В 1961 году наш цирк выехал на гастроли в Японию. Галю, которая в то время была женой Милаева, я знал давно. Ей было уже 32 года, мне – всего 18. Как раз тот возраст, когда нравятся женщины старше тебя… Мы решили пожениться. И надо отдать должное Леониду Ильичу, он отнесся к нам довольно лояльно. Когда мы оформили брак и уехали в Сочи, Брежнев прочитал записку, оставленную дочерью, и, естественно, был очень возмущен, сказал, чтобы в течение года ноги ее не было дома. Но при этом не собирался давать команду предпринимать против нас каких-то силовых акций. Милаев, оказавшийся поставленным перед свершившимся фактом, тут же поехал в загс, начал поднимать документы и все-таки нашел зацепку. Свидетельство о разводе Гале выдали значительно раньше, чем это было положено по закону. И только тогда, когда Милаев положил на стол Брежневу бумаги, подтверждающие то, что закон был нарушен, Леонид Ильич стал срочно принимать меры. Он позвонил в сочинский цирк. В это время мы были на пляже, и нас нашли только через пять часов. Однако телефонная линия за все это время даже не была разъединена. Галя сняла трубку и стала разговаривать с папой. Тот потребовал, чтобы она срочно вернулась, но получил категорический отказ. Когда вечером мы пришли в гостиницу, то увидели, что в номере нас ждут два человека. Один из них был начальником паспортного стола, другой – начальником УВД г. Сочи. Эти люди страшно волновались, потому что никто не знал, что будет завтра, если «вдруг она с ним помирится». У нас отобрали паспорта, и после этого началось…

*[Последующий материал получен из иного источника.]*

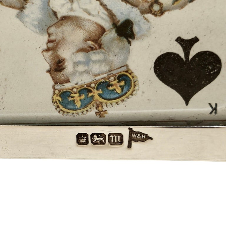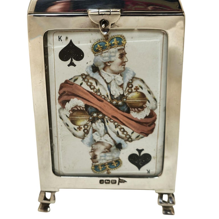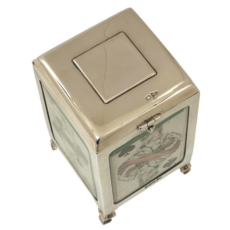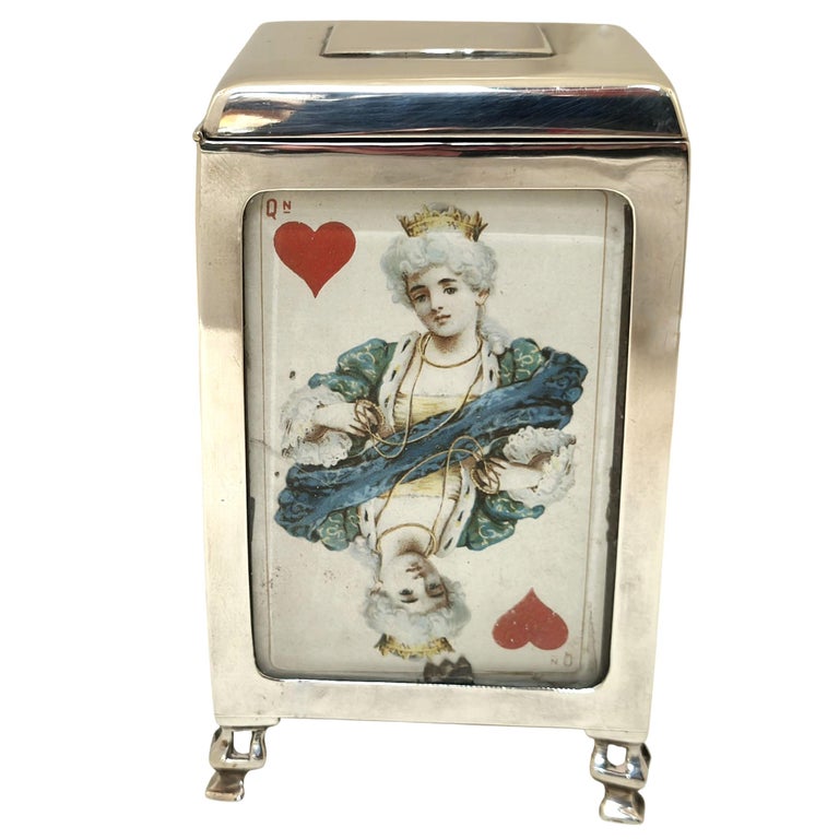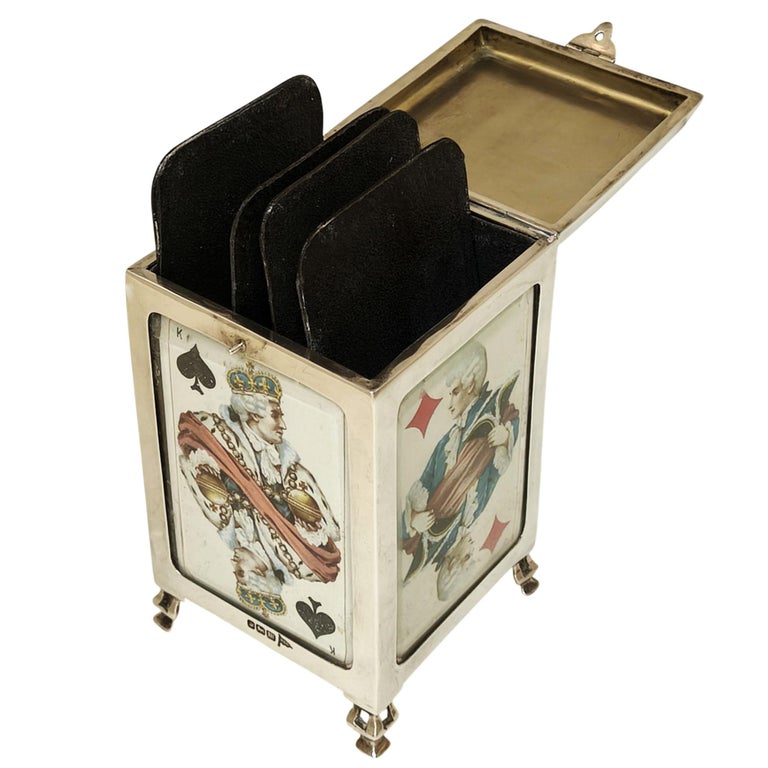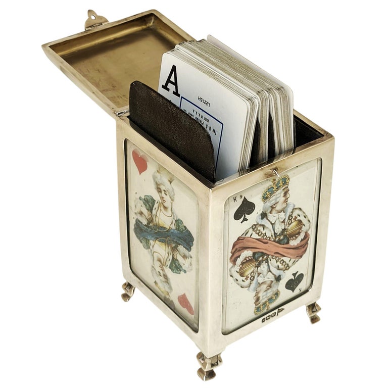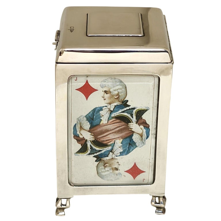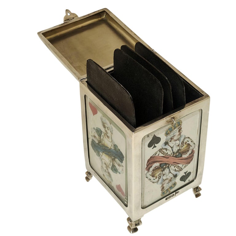 A lovely Antique Sterling Silver & Glass Playing Card Box in a rectangular form standing on 4 feet. Each of the 4 side panels is inset with a glass panel, behind which is a different face playing card including a King of Spades, a Queen of Hearts, a Queen of Clubs and a Jack of Diamonds. The Playing Card Case has a hinged lid and its interior holds a black spring loaded liner with space for three decks of cards.

За нами ходили люди из КГБ, снимали на кинопленку, фотографировали – явно, не скрывая. Галя, как человек старший по возрасту, не могла не чувствовать ответственности за все, что происходило и еще могло произойти. Поэтому она улетела в Москву, а я вскоре получил по почте свой паспорт. Но той страницы, на которой стоял штамп о браке, не оказалось, она была просто вырвана. А на первой красовалась надпись: «Подлежит обмену».

Через полтора месяца я прилетел в Москву. Но человека, который мне подписывал сопроводиловку, в паспортном столе на Ленинградском проспекте не было на месте. И люди, не знавшие сути дела, никак не могли понять, зачем мне вдруг понадобилось поменять документ. Естественно, рассказывать им всю историю я не собирался. Просто показал штамп на первой странице, соврав, что сам ничего не понимаю, и попросил, чтобы мне все-таки выдали новый паспорт. Наши отношения с Галей продолжались еще года три. Я вылетал из разных городов. Мы встречались… К этому времени у меня было освобождение от армии, так называемый «белый билет». И должен вам сказать, что Брежнев и в этом случае поступил довольно мягко.

Однажды, когда я еще жил с отцом, ко мне пришли домой и через нарочного передали повестку срочно явиться в военкомат. Внизу нас ждала машина. Мы сели в нее, и я понял, что ехать придется далеко. Я спросил, куда меня везут. Оказалось, в Подольск, в главный военный госпиталь московского округа. Когда уже на месте меня сдавали под расписку, краем глаза я успел прочитать распоряжение, подписанное главным военкомом Москвы: «Тогда-то, такого-то был освидетельствован такой-то призывник и освобожден от воинской службы. Вам (то есть начальнику госпиталя) надлежит его переосвидетельствовать». Другими словами, после освидетельствования забрать в армию. К счастью, у тех врачей, которые меня обследовали, несмотря на такое категорическое предписание, хватило принципиальности и смелости подтвердить, что диагноз, описанный ранее, соответствует действительности.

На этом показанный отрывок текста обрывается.